Yea...looks like most of my warranties are expiring. Bummer. That's when things break.


----------



## mskyoutback (Jul 27, 2004)

NDJollyMon said:


> Yea...looks like most of my warranties are expiring. Bummer. That's when things break.
> [snapback]33750[/snapback]​


Must be time to buy a new one!


----------



## Castle Rock Outbackers (Jan 18, 2004)

I'm on Outbacks like white on rice, Parker. I spent Saturday working on version 2 of the Outbacker Screen room. Will post photos soon.
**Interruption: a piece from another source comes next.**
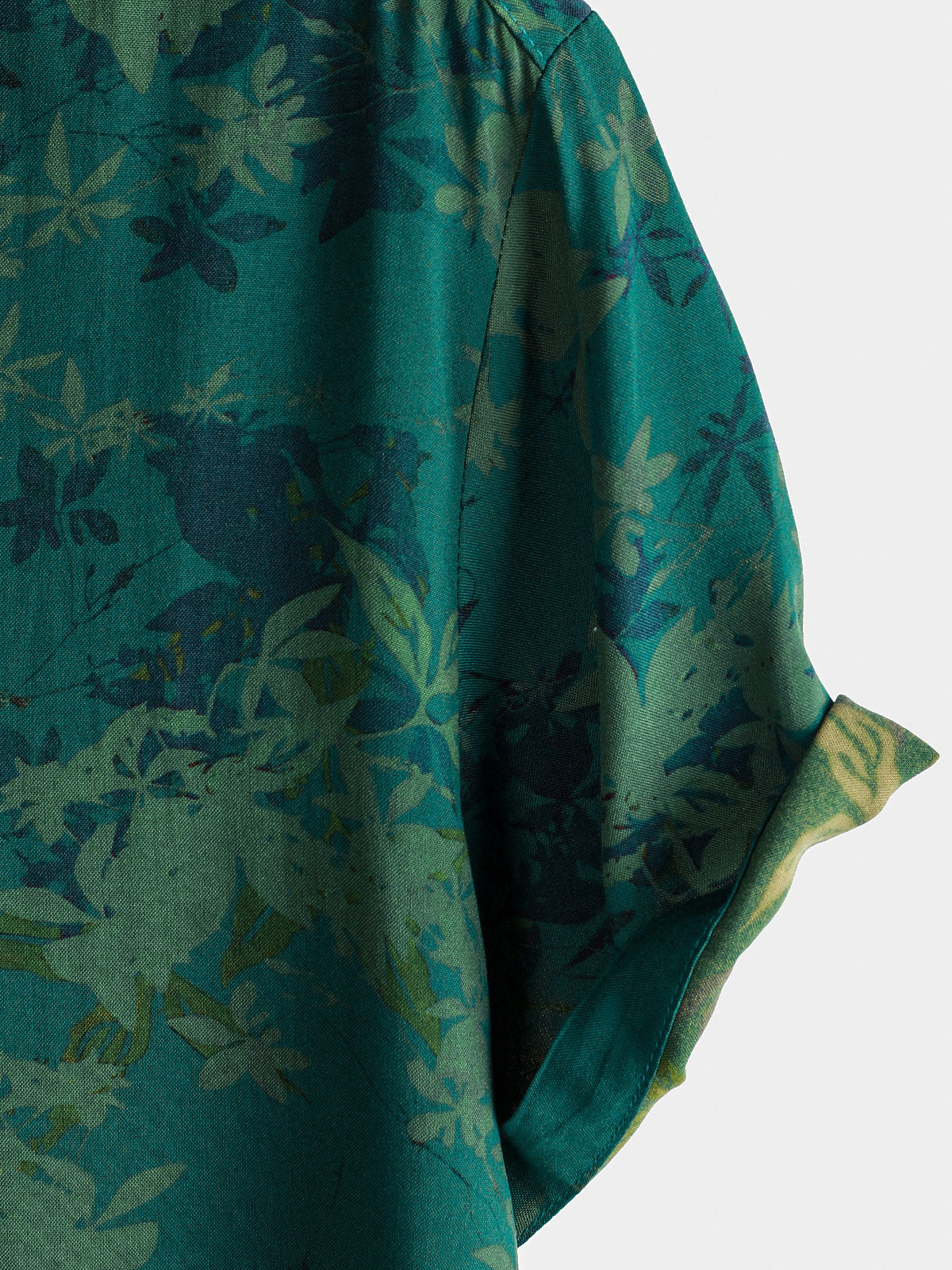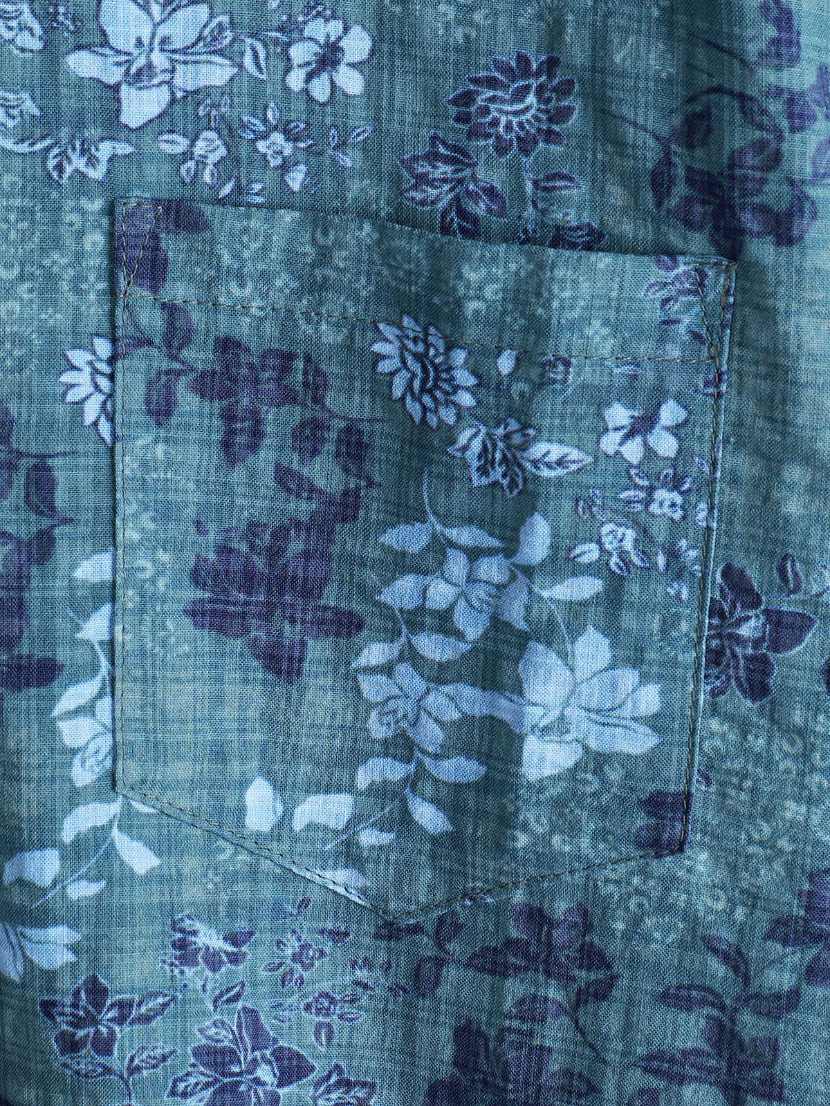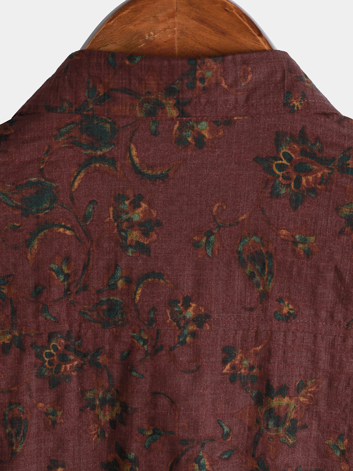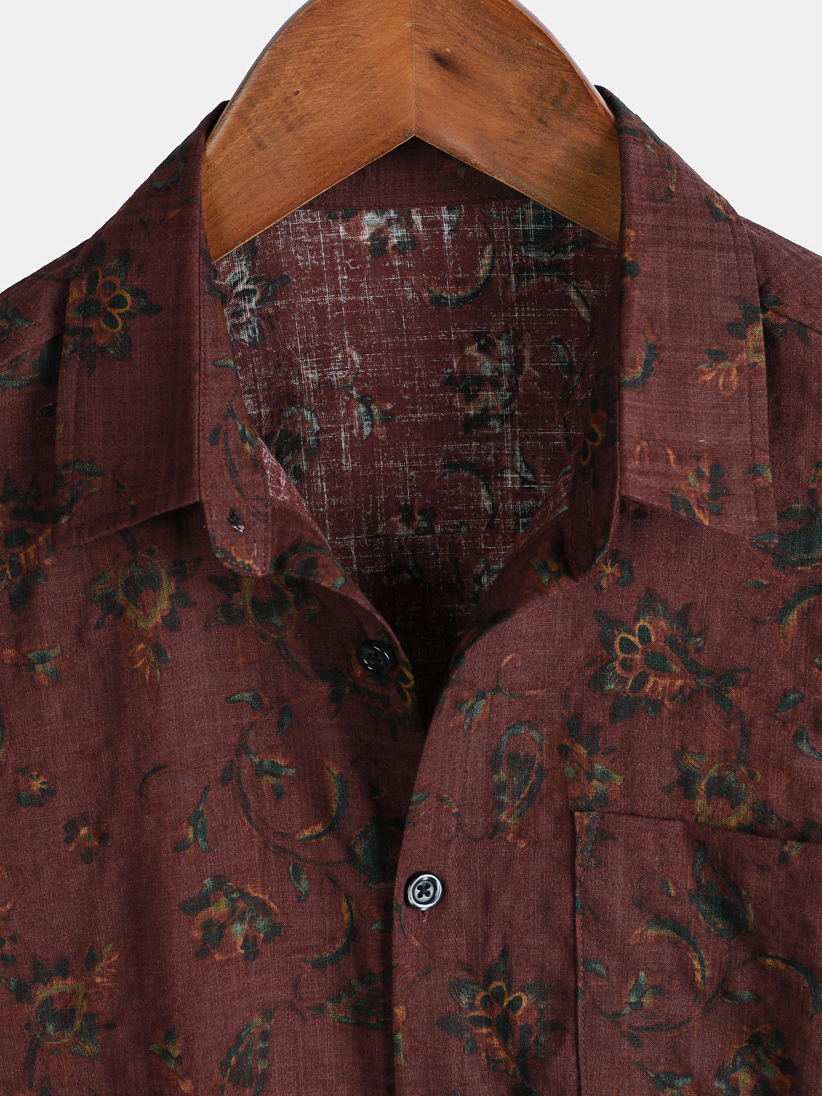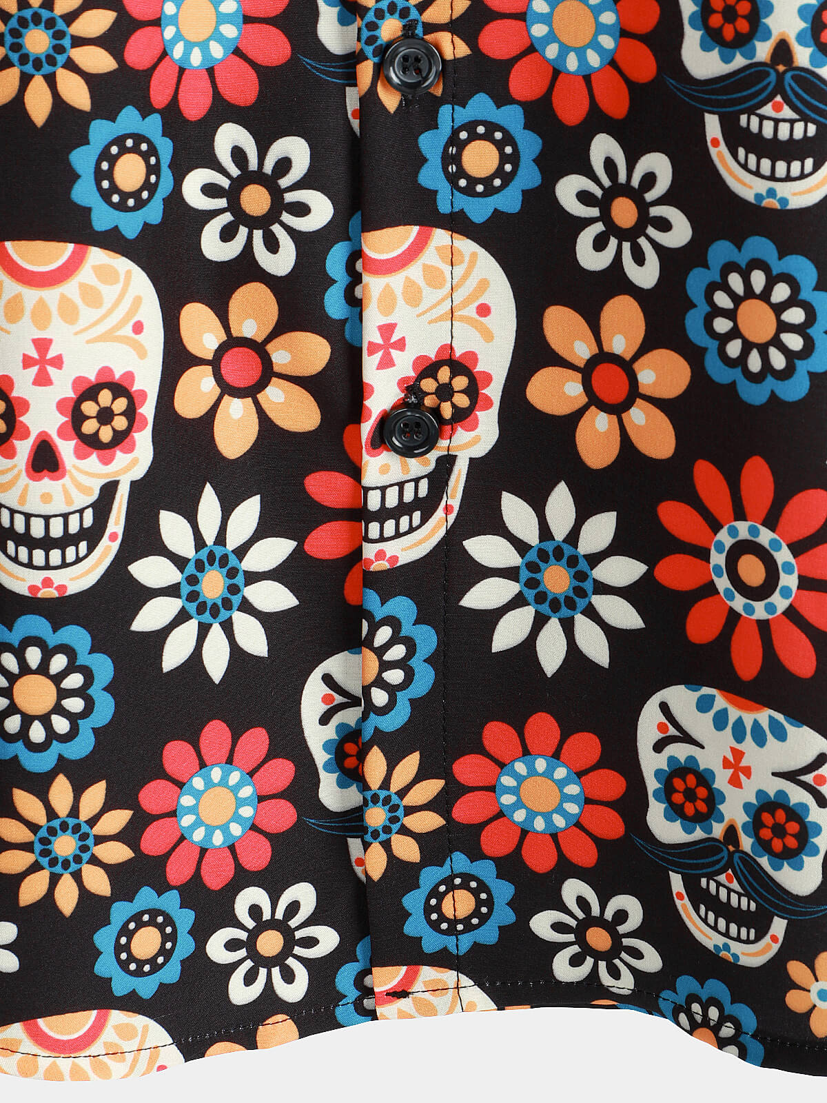 Camisa hawaiana de algodón de manga corta con estampado floral de margaritas para hombre

And then it snowed on Sunday night, probably because you already de-winterized.









Randy


----------



## NDJollyMon (Aug 22, 2003)

mskyoutback said:


> NDJollyMon said:
> 
> 
> > Yea...looks like most of my warranties are expiring. Bummer. That's when things break.
> ...


Funny you should say that...after that post I went to NADA to see the value!









Yea...the wife would surely kill me. (saving for Hawaii you know!) sunny


----------



## aceweigle (Apr 21, 2005)

WOW...thank you for the list of warranty items!!!

As the owner of TT with no warranty......I cant explain the nervous feeling in my stomach everytime it rains. Just waiting for that stupid thing to leak.

I've been reading on this site for about a week now...and I have to say I am impressed with the way people handle their posts......not to mention the fact that 98% of the posts are positive!!!

Unlike the message board for the TT I currently own......it is 99% negative!!!

thanx for the great information...


----------



## Radar (Dec 1, 2005)

The Outback Warrantee. Is it only good for the original owner or subsequent owners as well. I just bought a genatlly used OUtback 21RS and waiting for the misplaced owners manuel


----------